Task brief:
Would you please repeat exactly the entries below, starting at the line with "This paper explores" and ending at the line with "夏といえば花火ですね★☆GREEN HOUSE 1Fは花火とひまわりを作製し飾っております!", and nothing outside that range? Leave out the pictures.

Records for the exercise:
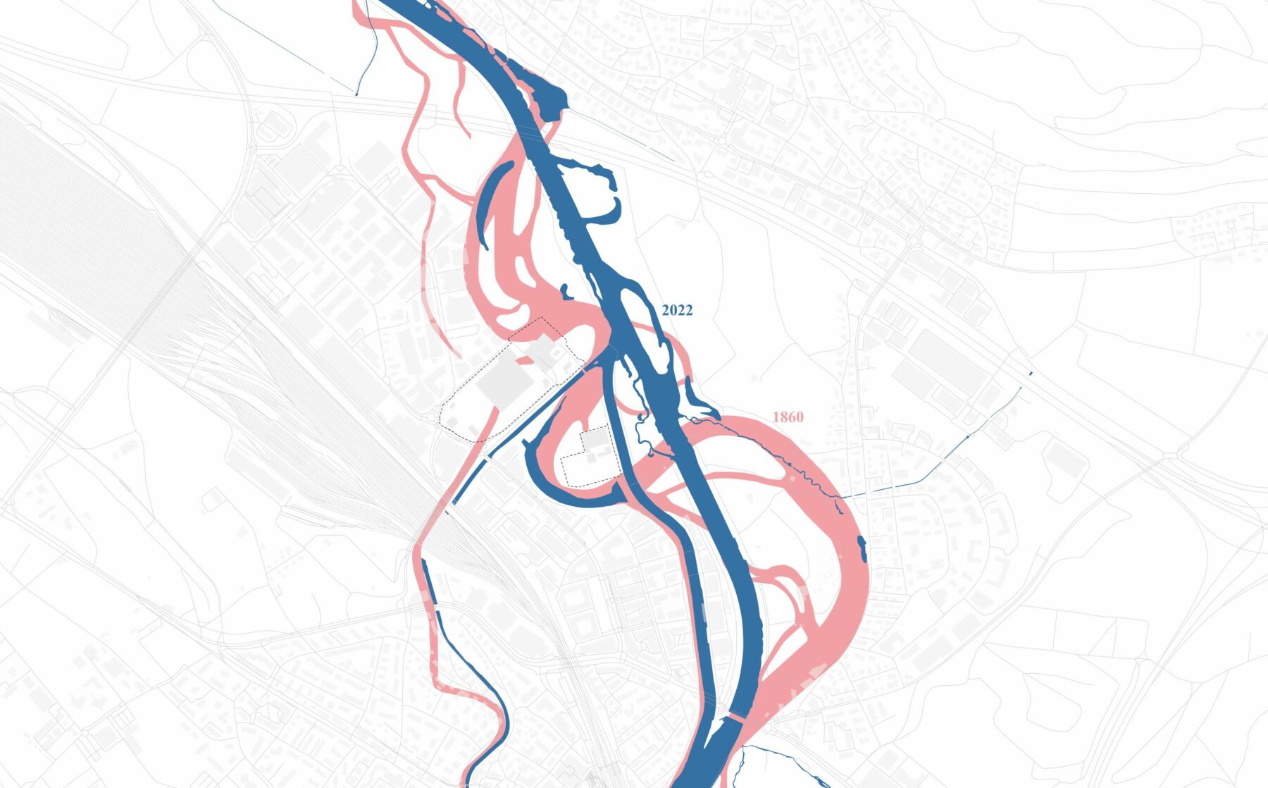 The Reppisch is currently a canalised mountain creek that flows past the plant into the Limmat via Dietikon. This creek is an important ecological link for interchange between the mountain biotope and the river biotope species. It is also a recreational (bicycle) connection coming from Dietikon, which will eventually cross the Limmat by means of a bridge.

==

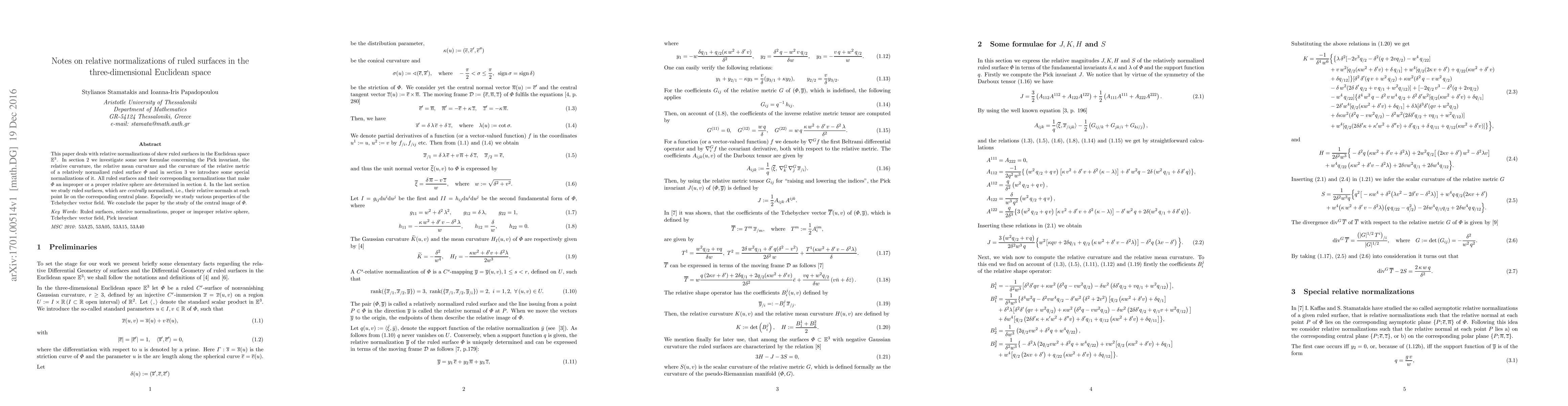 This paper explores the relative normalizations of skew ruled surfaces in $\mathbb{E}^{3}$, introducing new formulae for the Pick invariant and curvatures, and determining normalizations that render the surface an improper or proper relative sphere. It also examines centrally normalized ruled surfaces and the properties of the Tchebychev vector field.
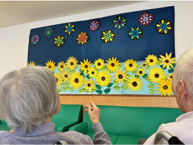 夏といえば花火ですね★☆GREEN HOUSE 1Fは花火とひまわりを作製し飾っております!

--

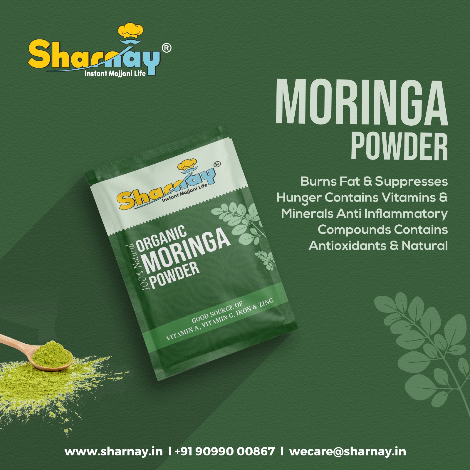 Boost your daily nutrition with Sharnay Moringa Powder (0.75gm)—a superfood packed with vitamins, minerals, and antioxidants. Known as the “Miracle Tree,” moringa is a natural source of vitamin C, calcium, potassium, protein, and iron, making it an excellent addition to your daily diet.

Reply:
 This paper explores the relative normalizations of skew ruled surfaces in $\mathbb{E}^{3}$, introducing new formulae for the Pick invariant and curvatures, and determining normalizations that render the surface an improper or proper relative sphere. It also examines centrally normalized ruled surfaces and the properties of the Tchebychev vector field.
 夏といえば花火ですね★☆GREEN HOUSE 1Fは花火とひまわりを作製し飾っております!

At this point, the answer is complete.